● **Prompt**:
Once you find the line below that has "Zinc protection layer", output it and every line after it exactly, stopping after the line that has "mda(Y_val, predictions)0.9090909090909091 >>>", with no pictures.

● **Data provided**:
BEGIN
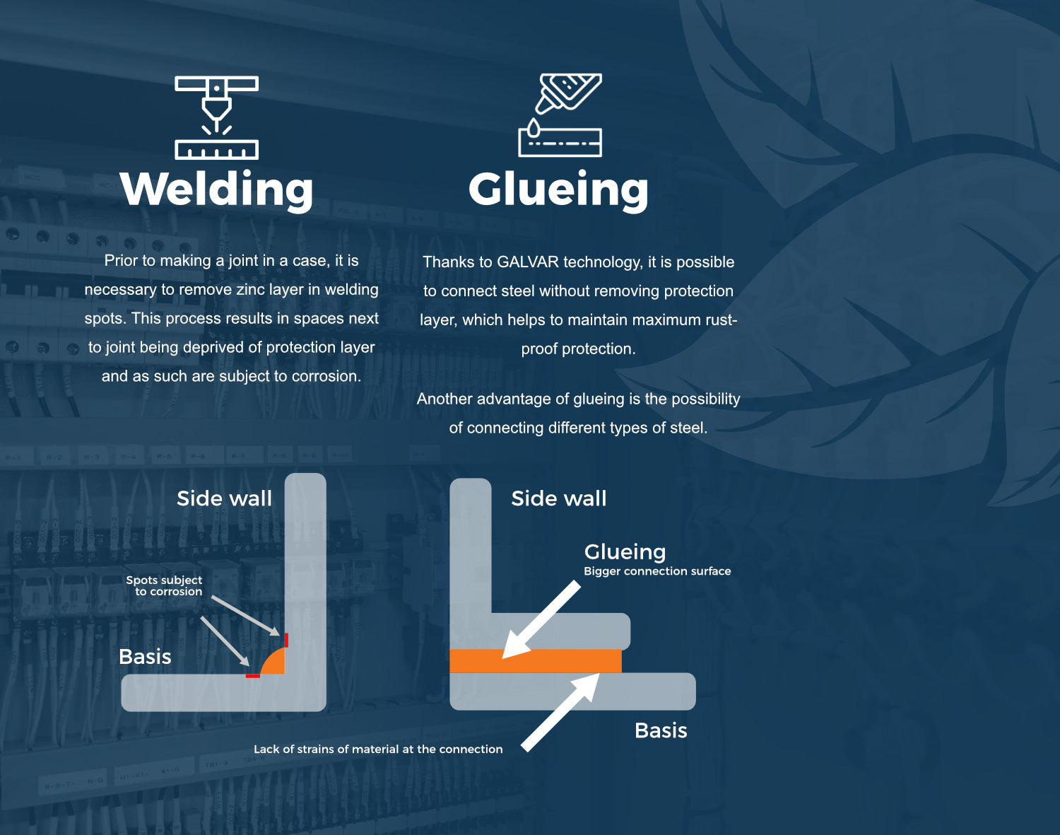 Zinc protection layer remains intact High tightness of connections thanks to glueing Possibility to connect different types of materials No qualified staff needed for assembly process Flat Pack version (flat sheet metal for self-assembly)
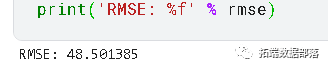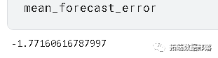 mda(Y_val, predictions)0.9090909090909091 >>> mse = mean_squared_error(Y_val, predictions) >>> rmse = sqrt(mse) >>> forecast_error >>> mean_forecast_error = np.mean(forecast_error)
END
BEGIN
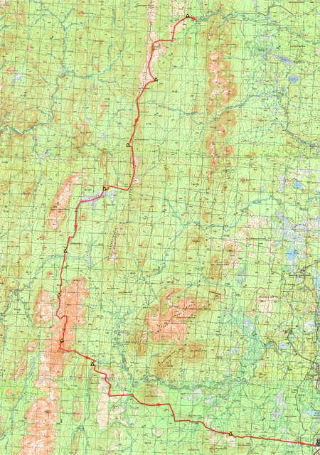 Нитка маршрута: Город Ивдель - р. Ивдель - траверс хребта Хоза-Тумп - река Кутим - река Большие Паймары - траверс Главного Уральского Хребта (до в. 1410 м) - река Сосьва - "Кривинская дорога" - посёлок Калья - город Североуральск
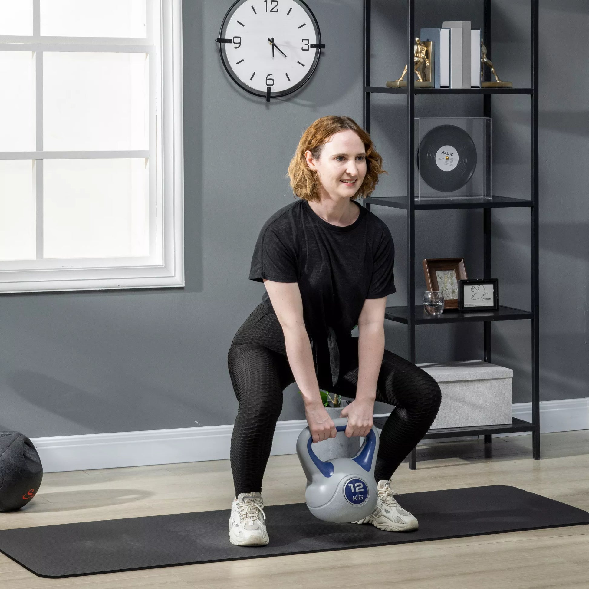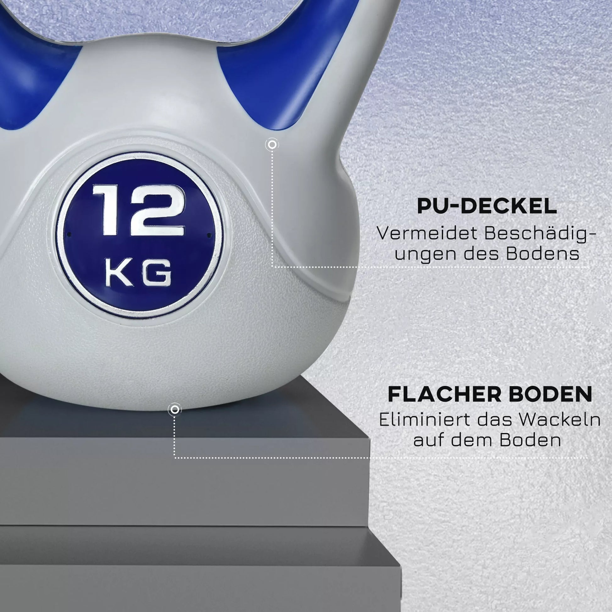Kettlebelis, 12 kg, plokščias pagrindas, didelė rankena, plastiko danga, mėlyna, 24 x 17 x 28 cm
END
● **Worked solution**:
 Zinc protection layer remains intact High tightness of connections thanks to glueing Possibility to connect different types of materials No qualified staff needed for assembly process Flat Pack version (flat sheet metal for self-assembly)
 mda(Y_val, predictions)0.9090909090909091 >>> mse = mean_squared_error(Y_val, predictions) >>> rmse = sqrt(mse) >>> forecast_error >>> mean_forecast_error = np.mean(forecast_error)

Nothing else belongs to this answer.